Trump`ın ilk ziyaretini Suudi Arabistan`a yapmasının ve orada gerçekleştirilen Arap ve İslam Ülkeleri ile Amerikan ortak zirvesinin ardından, Körfez Ülkeleri ile Katar arasındaki kriz patlak verdi. Daha doğrusu Katar, Suudi Arabistan`ın başını çektiği Körfez Ülkeleri tarafından hedefe konuldu.

Körfez Ülkelerinin medyası tarafından günlerdir yapılan Katar aleyhtarı propaganda ve saldırılar sonrasında Suudi Arabistan, Mısır, Birleşik Arap Emirlikleri, Bahreyn, Yemen ve Libya Katar ile diplomatik ilişkileri kesme kararı aldılar.

Ülkelerindeki Katarlı vatandaşların da ülkelerini terk etmeleri için 14 günlük süre verdiler. Bu ülkeler hava, deniz kara sahalarını da Katar`a kapattılar.

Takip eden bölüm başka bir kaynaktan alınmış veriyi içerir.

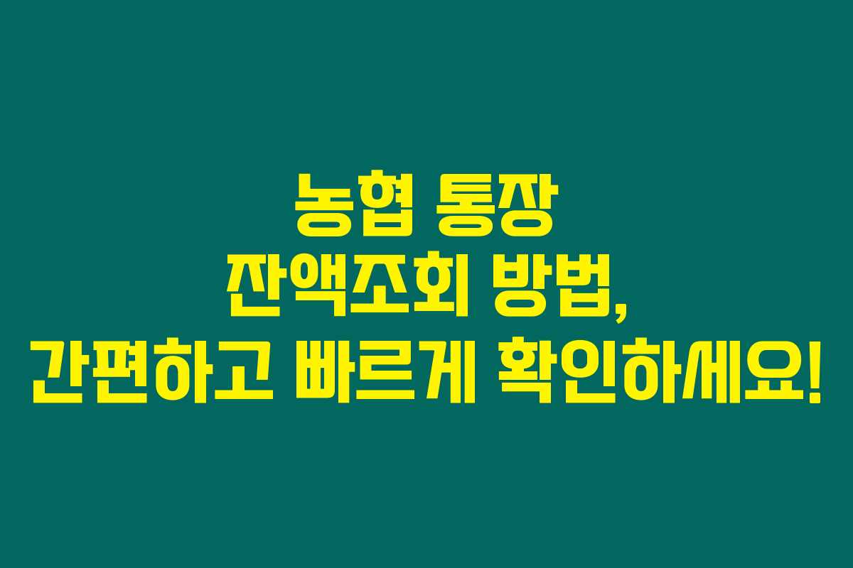 농협 통장 잔액은 언제 어디서나 손쉽게 확인할 수 있는 방법이 많답니다. ARS 전화, 인터넷뱅킹, 모바일뱅킹 등을 이용하면 항상 내 자산 상태를 파악할 수 있는데요. 당신도 이제 아래를 읽어보시면 농협 통장 잔액을 조회하는 다양한 방법에 대해 알게 될 거예요!
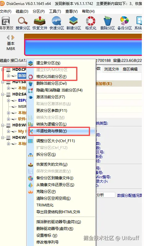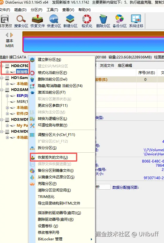 您要恢复的数据存在于哪个分区或者盘位上,那么直接在DiskGenius主界面上方的硬盘分区,点击鼠标右键,然后在弹出的快捷菜单中,选择菜单项“恢复丢失的文件”
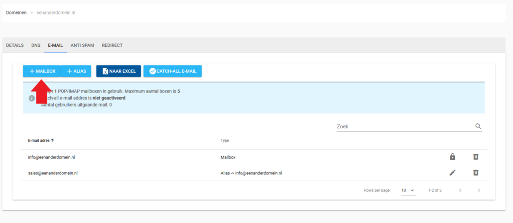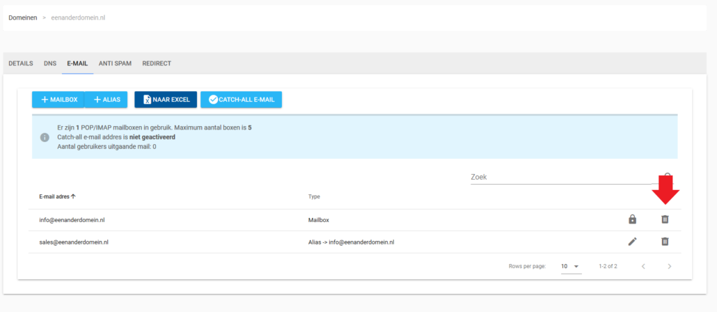 - Om de mailbox te verwijderen: Klik op het prullenbakje.
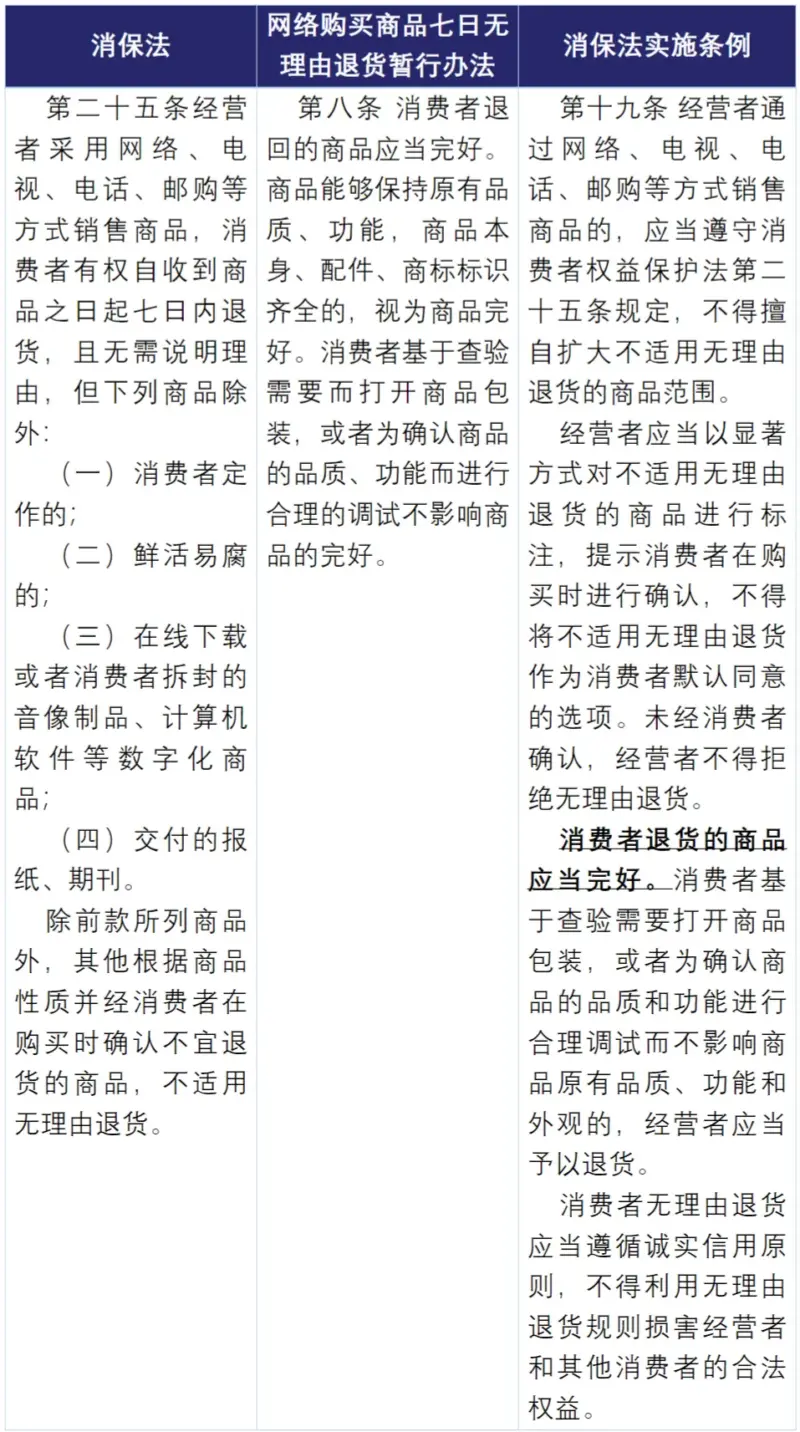 除不适用七天无理由退货的产品范围外,无理由退货的“完好”前提也在实践中面临颇多争议,何者构成“消费者基于查验需要打开商品包装,或者为确认商品的品质和功能进行合理调试而不影响商品原有品质、功能和外观”的例外也存在解释上的不确定性。虽然《网络购买商品七日无理由退货暂行办法》对于商品完好的一般标准、不同类商品完好的特定标准进行了规定,但仍然无法涵盖实践中复杂多变的交易情形。

Yani Katar`ı tam bir ablukaya aldılar.

Peki bu gelişmelerin arkasında ne var?

Bu gelişmeler tamamen ABD ile bağlantılı gelişmeler. Trump ile birlikte bir zincirin halkaları şeklinde geldi. Önce yedi İslam ülkesinin vatandaşlarına vize yasağı, sonra on İslam ülkesinin hava yollarına ekonomik darbe niteliğinde kısıtlama, sonrasında zirve ve ardından Katar`ın hedefe konulması.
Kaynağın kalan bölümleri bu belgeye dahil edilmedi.